First put a check chord on them if they are 4 mos. old. I start out with the dog retrieving in a hallway or my garage, that way they are pretty well forced to come to me. Once they are doing that well, I will go in the back yard and have them retrieve down the back wall of my home. Then on to an open yard, to the field. Through every step the dog will have a lead rope on so I can always bring him to me. It is all about starting at the very bottom where they only have one option and growing from there. Some dogs will be eager to return to you, some won't so the amount of time spent on each of the steps may vary.


----------



## Sprig Kennels (Jan 13, 2009)

Start teaching the dog the basic commands, sit, stay and come on a long check cord. the dog is getting to the age you can start a formal obedience program which teaches these commands and then can work into e-collar conditioning and training if so desired. you cant expect the dog to come until it has been formally taught the commands and then work on them in various situations with distractions. you can have a dog that comes and also sits and stays and heels in about a month if you follow an established formal obedience program.


----------



## jpolson (Jun 12, 2011)

Mine comes to me if I have bacon, sausage or other cured pork products.

I suppose I'm really not much help.


----------



## Kdub (Sep 6, 2010)

When my lab Mack was a pup I taught him to sit and stay. I would then put a long check cord on him. I would place myself 40 yards away. Then give a quick tug on the pull cord and tell him to come. After awhile of doing this he would come before pulling on the cord. I never had problems calling him after that. The key is when they are young, never tell them to come unless you have control and can make them.


----------



## Sprig Kennels (Jan 13, 2009)

maybe this will help a little.......

http://trainingyourretriever.com/obedience-training-1/


----------



## Mr Muleskinner (Feb 14, 2012)

Never ever have them "come" and get scolded as a reward. Come always ends on a positive note. Treats, love, treats, love......treats work great starting off and then you can slowly remove them from the equation and just use love.


----------



## Greenhead_Slayer (Oct 16, 2007)

Do yourself a huge favor and buy the Chris Akin Duck Dog Basics DVD. It's a great training DVD that is affordable and paced just right. You can get it at Sportsmans, Cabelas, I think Sprig Kennels website has it as well. It'll be the smartest $20 you can spend at this point for your pooch.


----------



## Sprig Kennels (Jan 13, 2009)

Greenhead_Slayer said:


> Do yourself a huge favor and buy the Chris Akin Duck Dog Basics DVD. It's a great training DVD that is affordable and paced just right. You can get it at Sportsmans, Cabelas, I think Sprig Kennels website has it as well. It'll be the smartest $20 you can spend at this point for your pooch.

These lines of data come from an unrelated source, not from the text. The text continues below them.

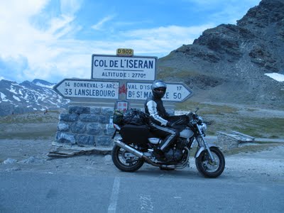 Elsaß (z.B. Col de la Schlucht) - St. Gotthard, der Alte Pass - Sustenpass, Furkapass, in die Schwyz nach Brig, ein Stückchen Autobahn bis Luzern (Vierwaldstätter See) - Weiter nach Basel - Über einige Pässe zum Lago Maggiore - Lago Lugano - Lago di Como mit Lecco, Como, alles schöne Städte - Über Turin und Asti nach Savona, Mittelmeerküste - Da ein Stück die Küstenstraße lang (es ist die Hölle bei 30 Grad zur Ferienzeit) - Durch Monaco und bis Nizza, dort wieder über Kleinststraßen in die Berge - Und über Barcelonette die Königinnen der Pässe abfahren: Col D'Iseran im Val D'Isere, Col De Galibier und noch einige ander kleinere - Dann bis zum Genfer See - Lausanne - Genf (Schöne Stadt!) einmal rum, Zurück über Landstraßen in Frankreich bis wieder in's Elsaß und dann an einem Tag 700 km mit etwa der Hälfte Autobahn durch Frankreich, Luxemburg, nach Hause in die Eifel.
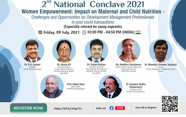 July 7, 2021: The second National Conclave 2021 on Women Empowerment: Impact on Maternal and Child Nutrition will be held at IIHMR University's School of Development Studies. The Coalition for Food and Nutrition Security is sponsoring this event, which will bring together experts from government, academia, and non-governmental organisations to discuss the challenges and opportunities in India's development sector, as well as how development management professionals can respond in the Covid era.
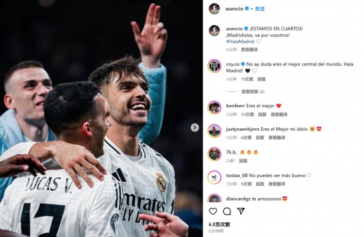 他也在賽后通過社媒曬出晉級后的慶祝照,并喊話球迷:“我們晉級歐冠八強了!馬德里主義者們,這是獻給你們的!”
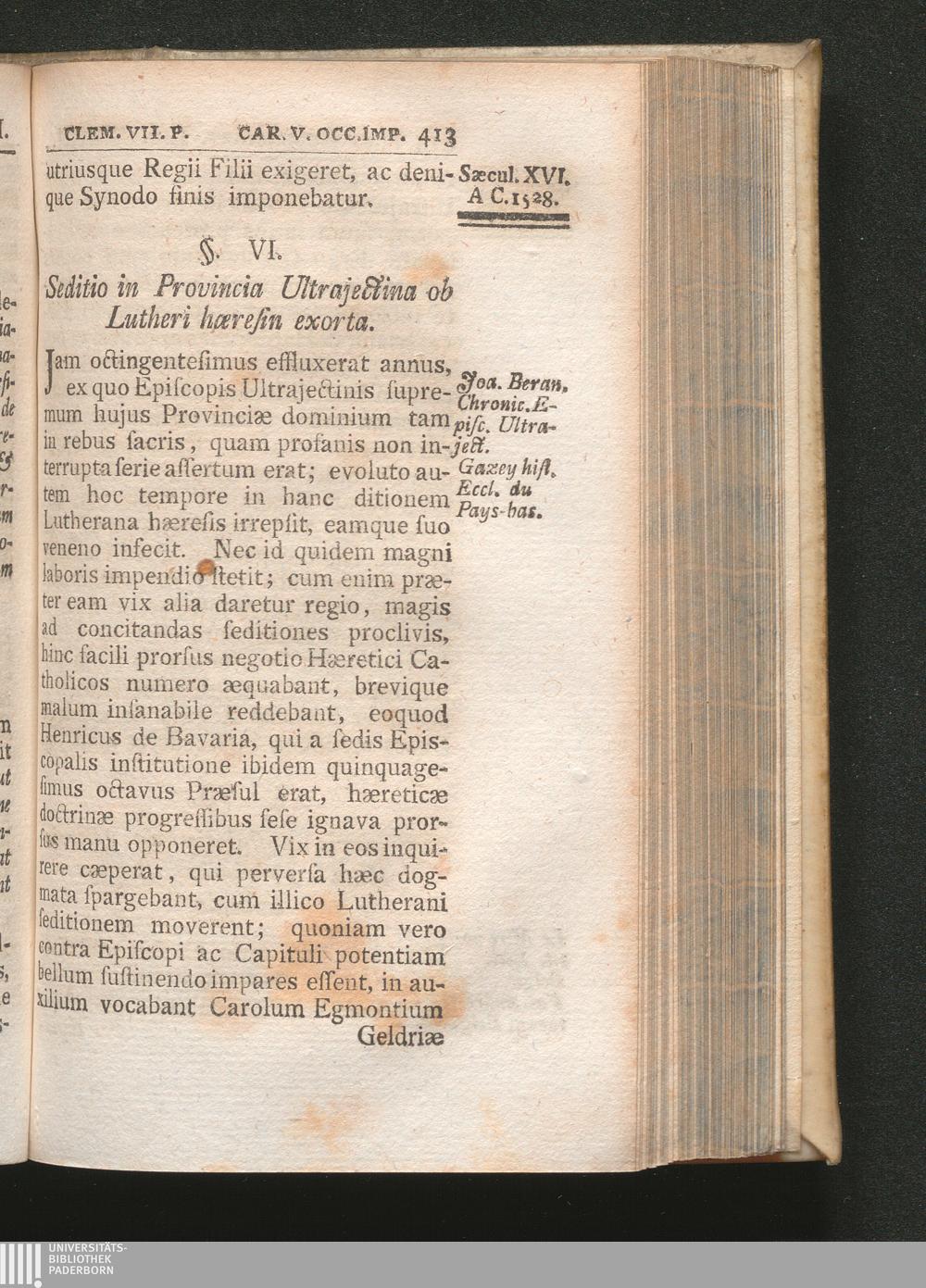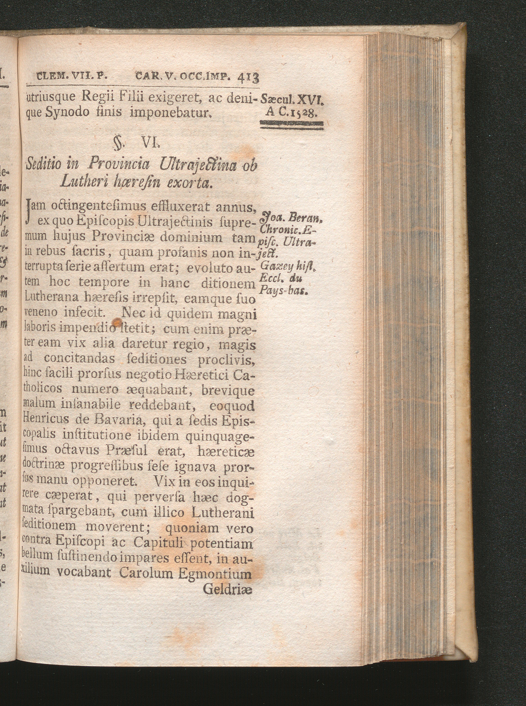 §. 6. Seditio in Provincia Ultrajectina ob Lutheri hæresin exporta.
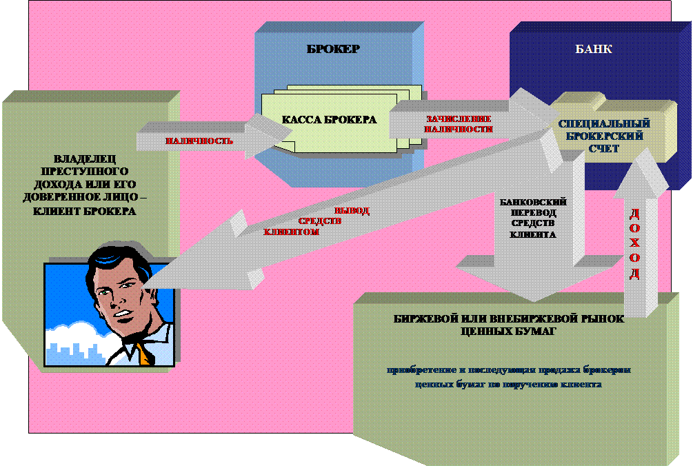 Владелец преступного дохода или его доверенное лицо (посредник) становится клиентом брокера. Средства в наличной форме (сумма, как правило, не превышает установленного Законом порога) принимаются в кассу брокера и обезналичиваются путем их сдачи в банк брокера для зачисления на специальный брокерский счет. По поручению клиента брокером на биржевом рынке (реже – внебиржевом) приобретаются корпоративные (акции) или государственные ценные (облигации) бумаги. Постоянно меняющаяся конъюнктура рынка ценных бумаг является хорошим объяснением неоднократного повторения операции по передаче брокеру наличных денежных средств для приобретения дополнительных пакетов ценных бумаг на имя клиента. Причем у брокера не должна вызывать подозрений постоянная работа клиента с наличными, поскольку у последнего всегда есть этому объяснение. За перевод средств с банковского счета на специальный брокерский счет банк берет комиссию, составляющую 3% от суммы банковского перевода, тогда как снятие клиентом банка наличности со своего счета происходит бескомиссионно. За время работы с брокером клиент дает периодические поручения на продажу принадлежащих ему ценных бумаг и вывод принадлежащих ему денежных средств в виде дохода от операций с ценными бумагами либо наличными, либо на указанный клиентом банковский счет. Характерными признаками легализации в этой схеме являются: непродолжительный период (два-четыре месяца) от момента передачи наличных денежных средств брокеру до вывода их клиентом в полном объеме и отсутствие у клиента интереса к получению максимально возможной выгоды (прибыли) от операций с ценными бумагами.
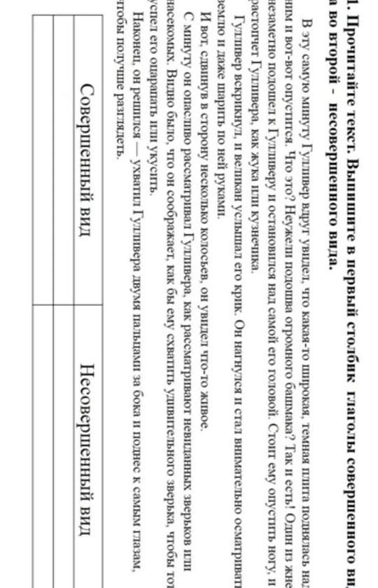 Прочитайте текст. Выпишите в первый столбик глаголы совершенного вида, а во второй несовершенного вида
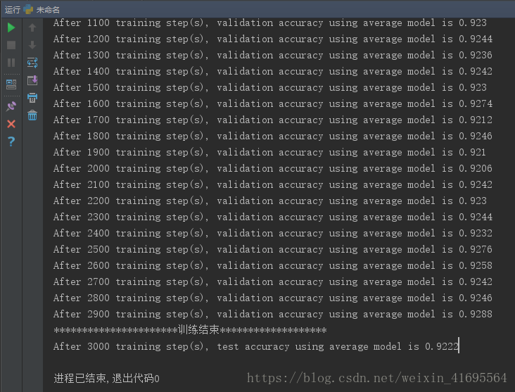 print("After %d training step(s), test accuracy using average model is %g" %(TRAINING_STEPS,test_accuracy))
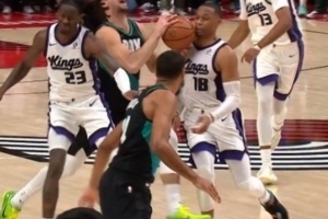 昨日NBA常規賽,開拓者加時134-133力克國王,加時賽最后時刻,阿夫迪亞強攻造成威少犯規,兩罰全中完成絕殺。
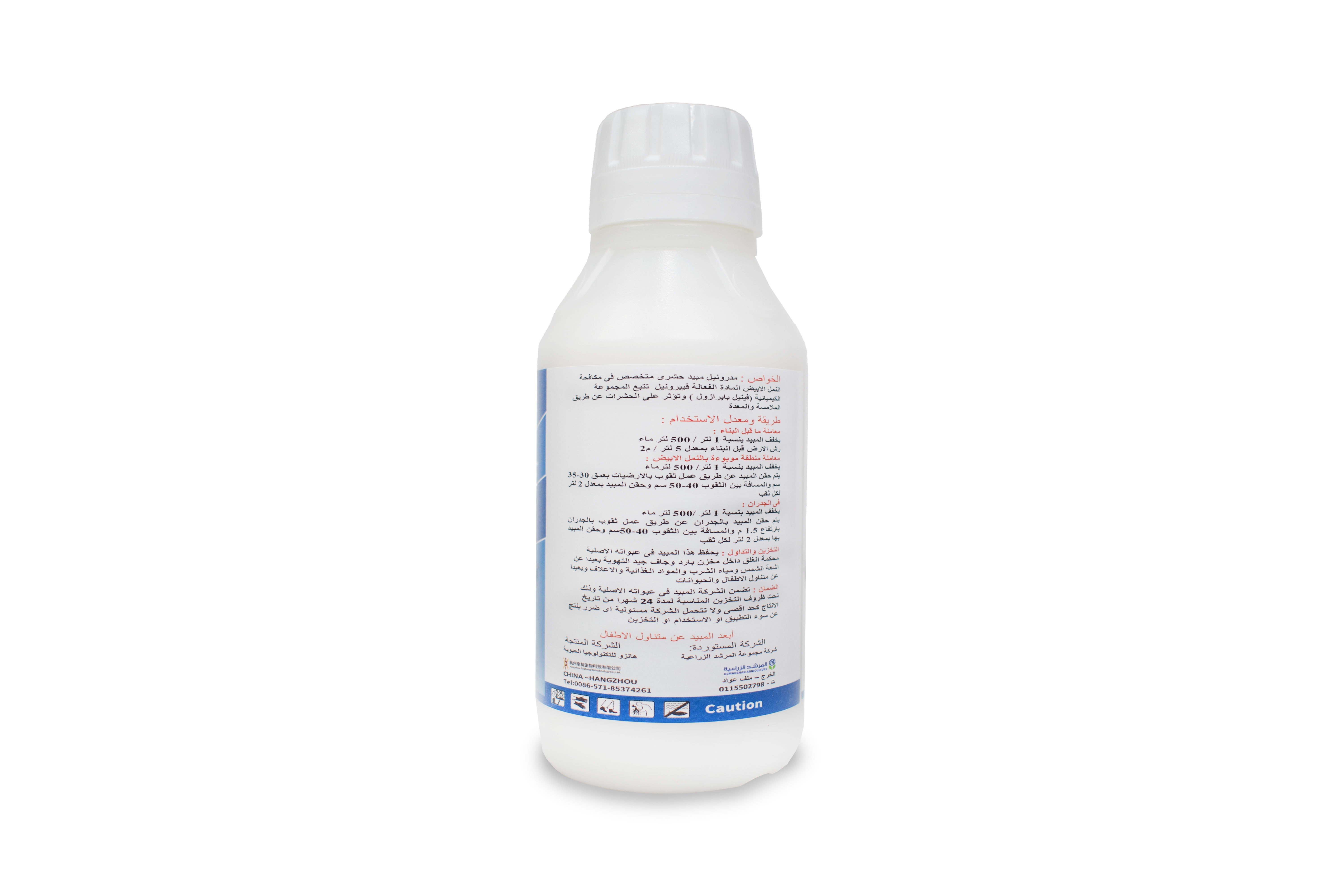 • يجب التخفيف بنسبة 1 لتر من المبيد لكل 500 لتر من الماء، ويجب رش الأرض قبل البناء بحوالي 5 لتر لكل متر مربع.
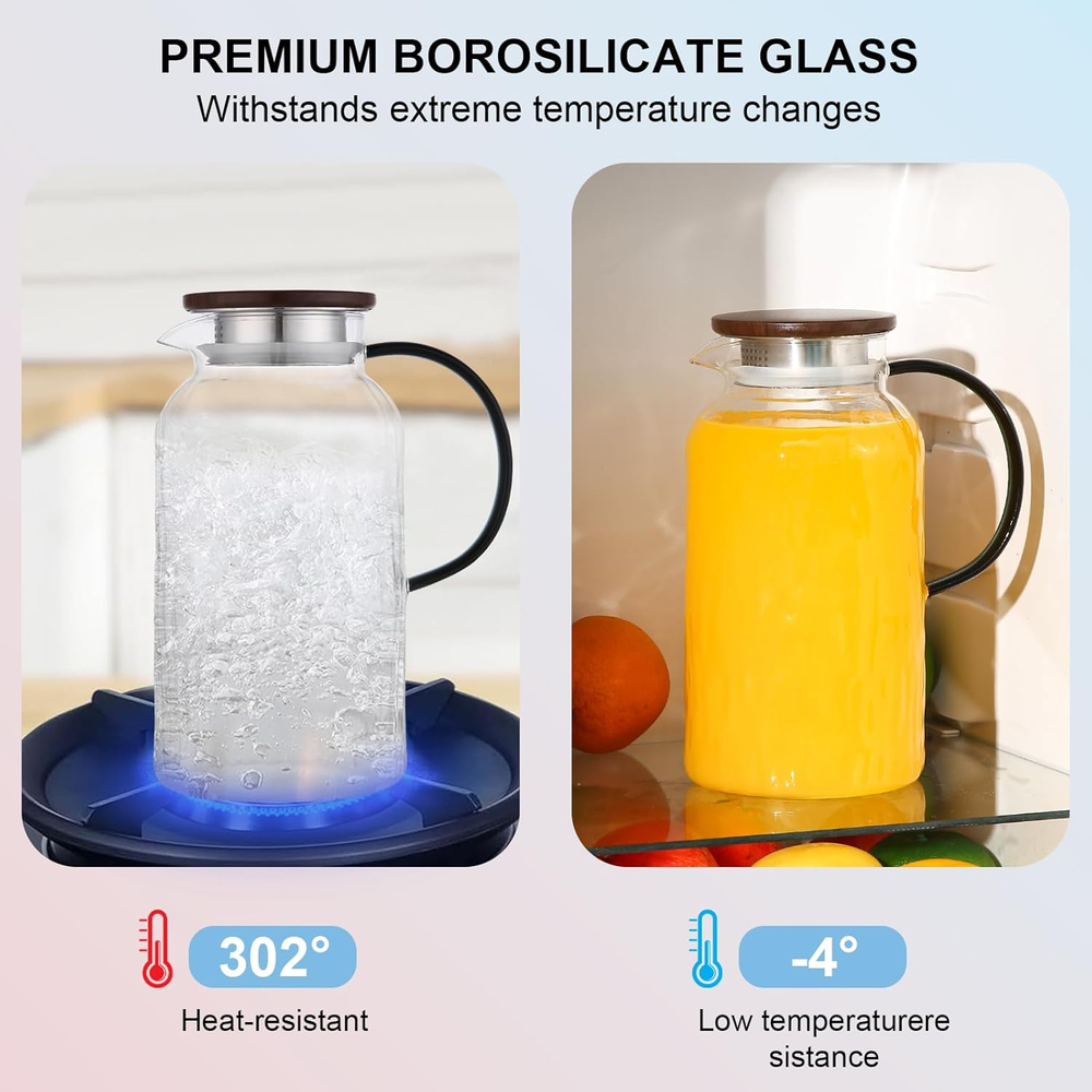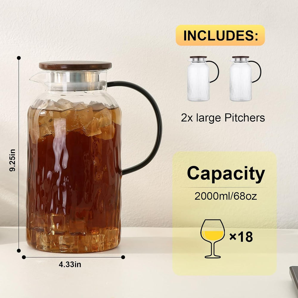 $ 4.76Glass Pitcher, 2.2 Liter Water Pitcher With Lid,Iced Tea Pitcher for Fridge
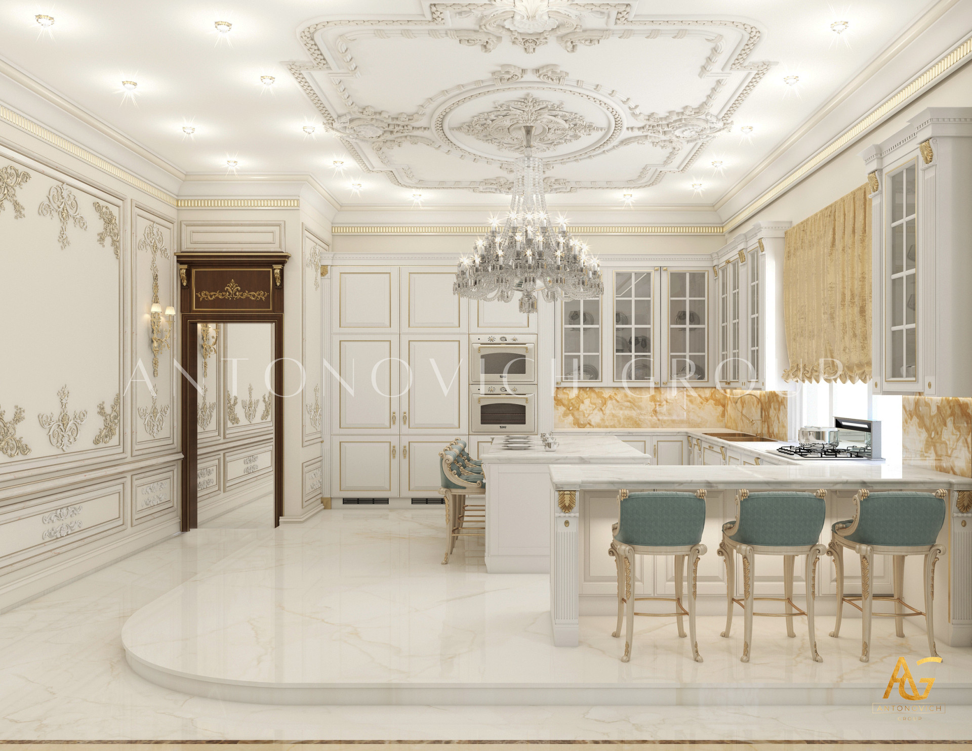 Always popular and fashionable classics in the works of the studio Luxury Antonovich Design does not cease to please and surprise with its beauty, novelty, and uniqueness. This interior of the house in Abu Dhabi was an excellent embodiment of the wishes of its owners. Their main wish was to get the luxury of the palace residence within the city apartment. And with this task, designers of the studio Antonovich Design coped brilliantly. Respectable living room was decorated with a beautiful ceiling with stucco decorations, an elite parquet floor of light wood of English styling, luxurious furniture, and beautiful curtains. A discreet palette of shades in the interior became the moment of elegance and cozy mood. The magnificent and elegant decor of the walls with stucco molding, gilding, silk wallpaper, paintings and classic sconces perfectly blended into the interior and became a luxurious frame of other details and decor elements. Curtains of silk velvet with a pleasant lilac shade echoes with the upholstery of the furniture. The dining zone is located at the window and occupies almost half the room, which perfectly emphasizes the hospitable character of the apartment owners. The beautiful white kitchen continues the motifs of the classical style. In the overall white range of pearly shades, soft chairs of silk mint shade and luxurious curtains in the same tones with printed golden ornaments look vividly. The most romantic and gentle corner of the apartment is a beautiful bedroom with a luxurious wall decoration. And only for the childrens room, interior designers applied a completely different concept of modern style. After all, the main task is to create an ideal living environment for every member of the family.

Yep, we have them. http://www.trainingyourretriever.com/av ... asics-dvd/ If you decide to get one from me, come up and I will toss in a free training session to give you some extra help on obedience. The web site will automatically tack on the shipping but if you come up i can refund the shipping part back.


----------



## Pudelpointer (Aug 16, 2012)

Thanks for all of the great information! I will work on the check cord and see if the consistency will pay off!


----------